The US economy, the world’s biggest, is expected to contract by 5.9 per cent.
“Much worse growth outcomes are possible and maybe even likely,” according to the IMF’s latest World Economic Outlook.
“If the pandemic and containment measures last longer, emerging and developing economies are even more severely hit,” it warned, calling the global downturn “The Great Lockdown”.
But if the virus is contained and economies can begin operating again, 2021 should see a rebound of 5.8 per cent, it added.
France on Tuesday said its economy was expected to shrink by eight per cent, worse than previous projections, while in Britain the Office for Budget Responsibility fiscal watchdog said GDP could plummet by 13 per cent.
‘Hope it’s not too early’
But some countries showed signs of setting off on the long road back to normalcy.
A shopping district in Vienna drew mask-clad shoppers after the government allowed some small stores as well as hardware and gardening shops to reopen across Austria, which has been spared the worst of the virus.
Social distancing rules remained in place, however: queues were staggered and one tobacco shop only served customers on the street, while an optician asked customers to ring a bell to enter his store.
“I’m simply happy,” said 75-year-old pensioner Anita Kakac, delighted to be able to go to a flower shop again.
“I just hope by God that it’s not too early” to ease the lockdown, she added.
Badly affected Spain on Monday allowed construction and factory employees back to work, and police handed out face masks in Madrid metro stations.
The country’s daily death toll saw a slight rise Tuesday, though new infections dropped to the lowest level since Spain imposed its nationwide lockdown last month.
Italy’s government said bookshops, launderettes and stationery and kid’s clothing stores were allowed to reopen, but regional authorities in some hard-hit northern regions refused to adhere.
It “is absurd” to allow shops to reopen, said Piedmont president, Alberto Cirio.
“I’m working on keeping people at home,” he added. “Maintaining discipline is the only way not to waste the sacrifices made up until now.”
In other regions some shops did reopen though, with vendors wearing face masks and gloves and offering hand sanitiser to customers.
Italy’s death toll is now above 20,000 — second worst after the US — but deaths and infections have eased off.
Denmark planned to open some of its schools on Wednesday after a month-long shutdown.
World Health Organization chief Tedros Adhanom Ghebreyesus warned Monday that control measures “must be lifted slowly”, noting that the coronavirus was 10 times deadlier than the 2009-10 swine flu outbreak.
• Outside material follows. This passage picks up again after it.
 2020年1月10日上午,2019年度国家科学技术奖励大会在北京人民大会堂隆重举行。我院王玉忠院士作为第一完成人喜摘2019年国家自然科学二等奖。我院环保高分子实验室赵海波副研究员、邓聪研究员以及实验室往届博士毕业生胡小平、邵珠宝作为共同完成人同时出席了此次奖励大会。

‘Virus doesn’t control us’
In Washington, Trump said US numbers could be steadying as 1,509 new daily deaths were reported on Monday — almost identical to the previous day.
The toll in badly hit New York, where the virus has killed more than 10,000 people — almost half of the US total — climbed again on Tuesday with 778 new fatalities.
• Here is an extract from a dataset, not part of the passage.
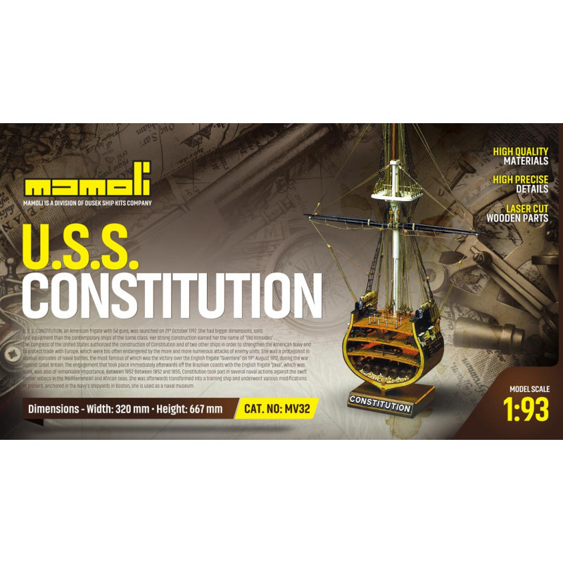 Bateau statique Coupe U.S.S. Constitution 1/93

But new hospital admissions and infections were down and governor Andrew Cuomo offered a glimmer of hope.
“We are changing the curve, every day. We’ve shown that we control the virus, the virus doesn’t control us,” Cuomo said.
He had earlier predicted the worst of the outbreak was over, adding “I believe we can now start on the path to normalcy”, signalling a gradual reopening of the economy.
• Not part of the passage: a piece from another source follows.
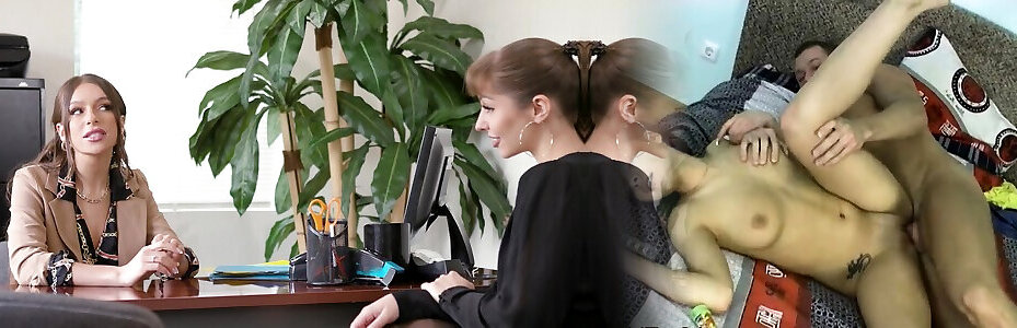 Hot ass April Olsen and Tommy King have lesbian sex in the office

In France, one of Europe’s worst-hit countries, President Emmanuel Macron said in a televised address Monday night the epidemic there was “beginning to steady… hope is returning”.
And in Britain, where Prime Minister Boris Johnson is recovering after a week in hospital with the virus, officials warned the peak was still to come and the lockdown there was likely to continue.
There were cautionary tales that the virus is not easily defeated.
In China, where the outbreak first reared its head and the government says it has largely curbed the spread of the virus, officials announced scores of new imported infections.